Introducing CIDR’15 week on The Morning Paper

The data systems research community are a smart bunch, although it’s not their research and papers I’m referring to here. Many conferences move around, but not the Conference on Innovative Data Systems Research (CIDR). CIDR has found a rather nice venue “on the Pacific Ocean, just south of Monterey”, and decided to stick there. Schedule the conference right at the beginning of January, and you have what I can only imagine is a very nice way to start the new year. Too avoid making this too obvious, the conference is only held every other year. We’re not fooled! 🙂

For 2015 I have a few new things I want to try with The Morning Paper. One of those is to highlight the latest research from the 2015 editions of selected academic conferences of interest – dedicating a week to picking my favourite papers from the year’s crop. Suggestions for conferences you’d like to see me cover always very welcome. I like to keep a mix of foundations and frontiers in the paper selections, and this seems like a fun way of bringing you some of the latest thinking from different communities.

CIDR ’15 produced a great set of papers, and whittling it down to 5 was hard. Normally I like to keep you guessing about what paper you’re going to find in your inbox each morning (email subscription is the best way to make sure you never miss an issue!), but for these themed weeks I’m going to break with tradition and give you an overview of my choices up front – write-ups will then follow through the week. In no particular order:

The Missing Piece in Complex Analytics

The Missing Piece in Complex Analytics: Low latency scalable model management and serving with Velox – Crankshaw et al. (AMP Lab) ’15. A paper from the AMP lab is always worthy of attention. This one is in an area that was dear to my heart during my time at Pivotal (and still is): how do you connect models generated by offline analysis with runtime systems that need to use and update them?

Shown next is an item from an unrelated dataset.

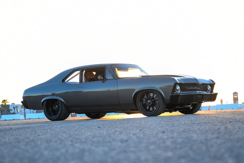 The finishing touch to the Boosted Nova’s transformation came through the artistic hands of Ricardo Lopez at Customs by Lopez. The bodywork was expertly perfected, ensuring that the muscle car would be a showstopper. Juan Sandoval Lopes was entrusted with the task of giving the Nova its stunning exterior identity, applying the BASF Anthracite Metallic paint. A layer of black pigment on the Auto Metal Direct aluminum hood and Harwood fiberglass bumpers added a dramatic twist to the Nova’s aesthetics. The result has a commanding presence, a street machine exuding power and elegance in equal measure.

WANalytics: Analytics for a geo-distributed data-intensive world

WANalytics: Analytics for a geo-distributed data-intensive world – Vulimir et al. ’15. “We didn’t distribute our data, it was born distributed.” Now how do you make that efficient while running complex data analysis pipelines with a desire to minimise cross-datacenter traffic and honour regulatory constraints? Some impressive early results and a promising direction…

Liquid: Unifying nearline and offline big data integration

Liquid: Unifying nearline and offline big data integration – Fernandez et al. ’15. A look at a key part of LinkedIn’s data processing architecture. Nearline systems aren’t online, but do still require low latency response times and high data throughput. Are distributed file systems the right foundation for this? And if not, what is?

Impala: A modern open-source SQL engine for Hadoop

Impala: A modern open-source SQL engine for Hadoop – Cloudera ’15. A peek inside the design of Cloudera’s Impala system that provides low-latency and high concurrency for BI/analytic query workloads.

Specialized Evolution of the General Purpose CPU

Specialized Evolution of the General Purpose CPU – Rajwar et al. (Intel) ’15. Not quite sure how this snuck into an innovative data systems research conference, but it’s a great tour of developments in CPUs, with some graphs we can extrapolate and a look at what the future might hold.

One for you to read: Immutability Changes Everything

Immutability changes everything – Helland ’15. I had to make the very hard decision not to cover Pat Helland’s paper as part of this week’s selections. This a a great tour of the consequences of (and opportunities created by) immutability up and down the stack, and full of Helland’s pithy one-liners (including the title!). It’s been widely cited this past couple of weeks already though, so perhaps I’ll save it away for a future edition.